2023-09-09 21:45:10.933 CEST [576416] zammad@zammad LOG: could not send data to client: Broken pipe
2023-09-09 21:45:10.937 CEST [576416] zammad@zammad FATAL: connection to client lost

This doesn’t look too good. Could it be the backup process or (parts of) Zammad is killed because it’s using too much resources (e.g. the by the OOM Killer or other security controls)? Could you check your system logs?
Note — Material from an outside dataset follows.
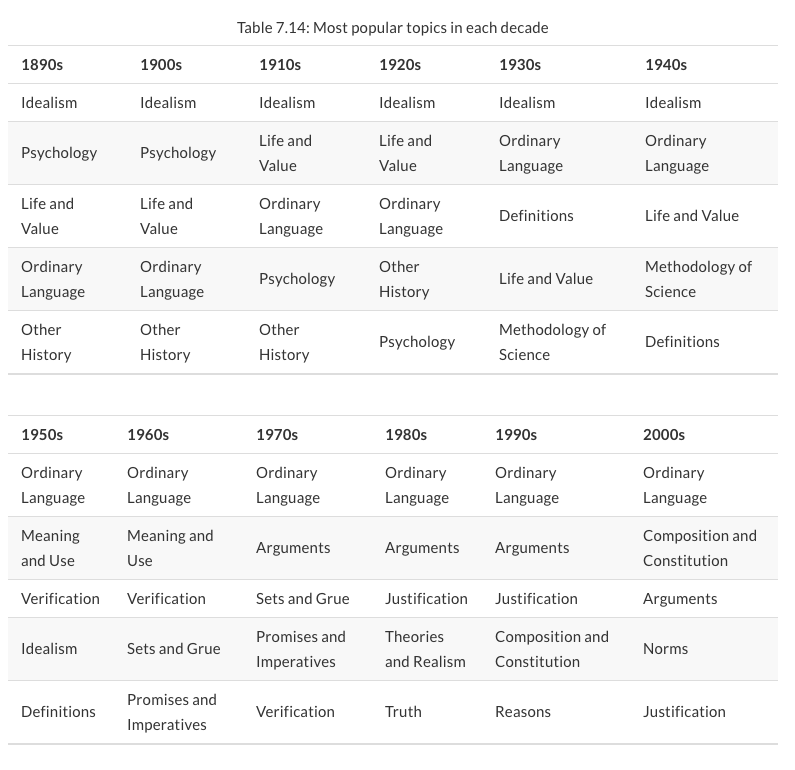 These results permit many other kinds of questions and discoveries. For example, in chapter 7 Weatherson distills the progression of topics across decades by listing the most popular five topics in each decade:
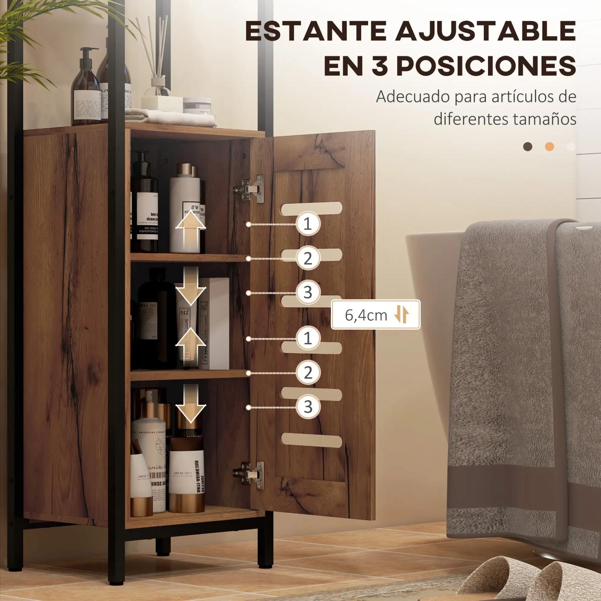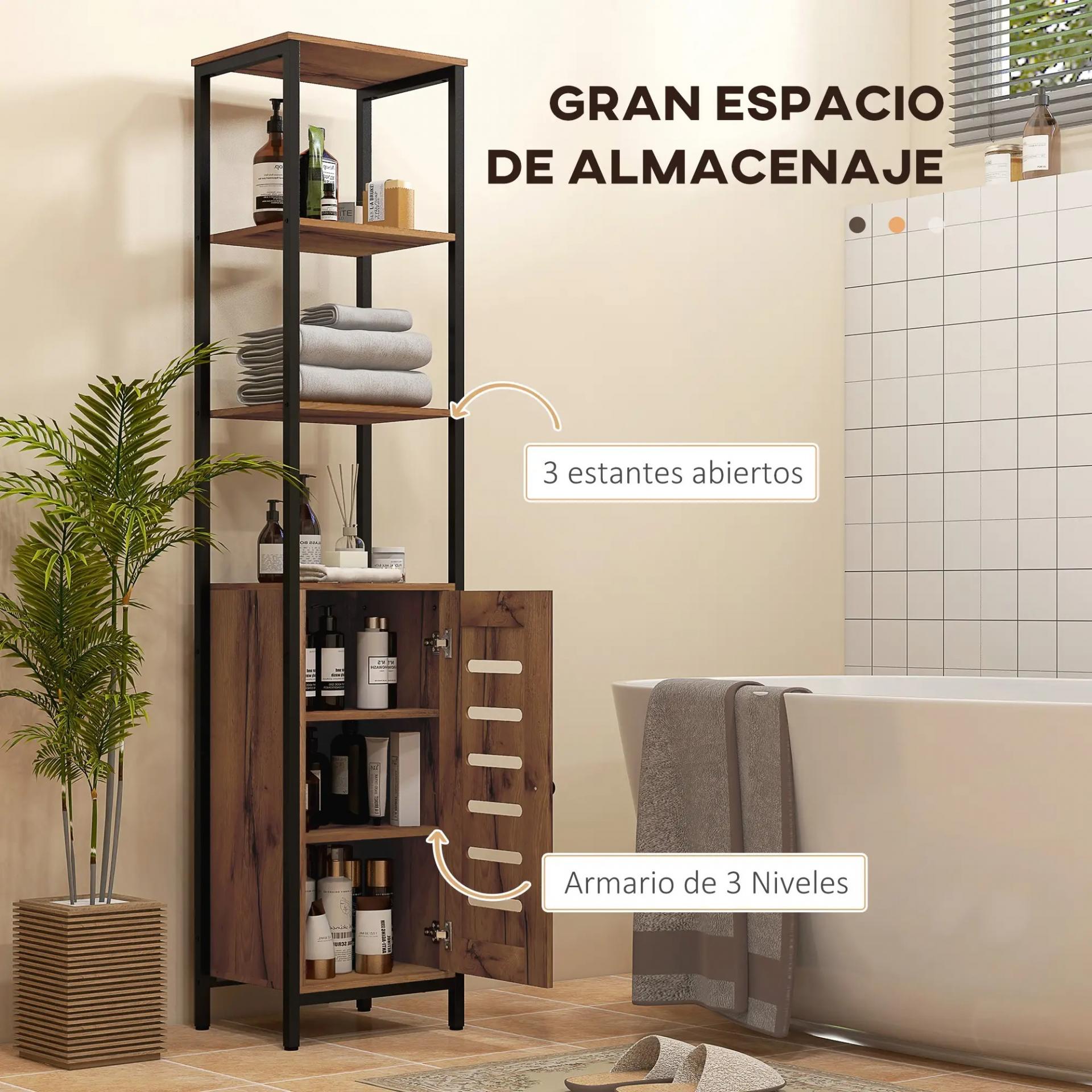 - ESTILO INDUSTRIAL: El mueble auxiliar de baño combina paneles de madera rústica con estructura de acero negro, logrando un diseño moderno y elegante. Su formato compacto aprovecha al máximo espacios reducidos o rincones estrechos

Hello, I apologize for the delay. Over the past few days, I haven’t had a chance to perform the tests. I just completed a few, and here are the results: When I ran the backup script, it created a zip of the files, and I attached a screenshot of the ‘top’ command, which shows that the zip process was using most of the CPU. However, after the file backup was completed, the script did not start the database backup. Upon checking the PostgreSQL log, it reads the following:

2023-09-20 01:15:26.255 CEST [2172] zammad@zammad LOG: could not receive data from client: Connection reset by peer
2023-09-20 01:15:26.256 CEST [2172] zammad@zammad LOG: unexpected EOF on client connection with an open transaction

zammad backup process
zammad db stuck
zammad zip
stgreSQL log, it reads the following:

Another part of the log: 2023-09-20 02:13:03.526 CEST [1912] zammad@zammad LOG: could not receive data from client: Connection reset by peer
2023-09-20 02:13:03.527 CEST [1912] zammad@zammad LOG: unexpected EOF on client connection with an open transaction
2023-09-20 02:13:53.967 CEST [872] zammad@zammad ERROR: could not serialize access due to read/write dependencies among transactions
2023-09-20 02:13:53.967 CEST [872] zammad@zammad DETAIL: Reason code: Canceled on identification as a pivot, during write.
2023-09-20 02:13:53.967 CEST [872] zammad@zammad HINT: The transaction might succeed if retried.
2023-09-20 02:13:53.967 CEST [872] zammad@zammad STATEMENT: INSERT INTO “active_job_locks” (“lock_key”, “active_job_id”, “created_at”, “updated_at”) VALUES ($1, $2, $3, $4) RETURNING “id”
2023-09-20 02:13:53.971 CEST [872] zammad@zammad ERROR: current transaction is aborted, commands ignored until end of transaction block
2023-09-20 02:13:53.971 CEST [872] zammad@zammad STATEMENT: DEALLOCATE a1
2023-09-20 02:13:53.972 CEST [872] zammad@zammad ERROR: current transaction is aborted, commands ignored until end of transaction block
2023-09-20 02:13:53.972 CEST [872] zammad@zammad STATEMENT: DEALLOCATE a2
2023-09-20 02:13:53.972 CEST [872] zammad@zammad ERROR: current transaction is aborted, commands ignored until end of transaction block
2023-09-20 02:13:53.972 CEST [872] zammad@zammad STATEMENT: DEALLOCATE a3
2023-09-20 02:13:53.972 CEST [872] zammad@zammad ERROR: current transaction is aborted, commands ignored until end of transaction block
2023-09-20 02:13:53.972 CEST [872] zammad@zammad STATEMENT: DEALLOCATE a4
2023-09-20 02:13:53.972 CEST [872] zammad@zammad ERROR: current transaction is aborted, commands ignored until end of transaction block
2023-09-20 02:13:53.972 CEST [872] zammad@zammad STATEMENT: DEALLOCATE a5
2023-09-20 02:13:53.972 CEST [872] zammad@zammad ERROR: current transaction is aborted, commands ignored until end of transaction block
2023-09-20 02:13:53.972 CEST [872] zammad@zammad STATEMENT: DEALLOCATE a6
2023-09-20 02:13:53.972 CEST [872] zammad@zammad ERROR: current transaction is aborted, commands ignored until end of transaction block
2023-09-20 02:13:53.972 CEST [872] zammad@zammad STATEMENT: DEALLOCATE a7

Try to find a maintenance window and stop Zammad, then restart postgresql as safety measure and run the backup process again. After that start Zammad.

Maybe that helps.

Hello, I stopped Zammad when I did the last backup. These logs are from when Zammad was stopped. I also stopped Elasticsearch.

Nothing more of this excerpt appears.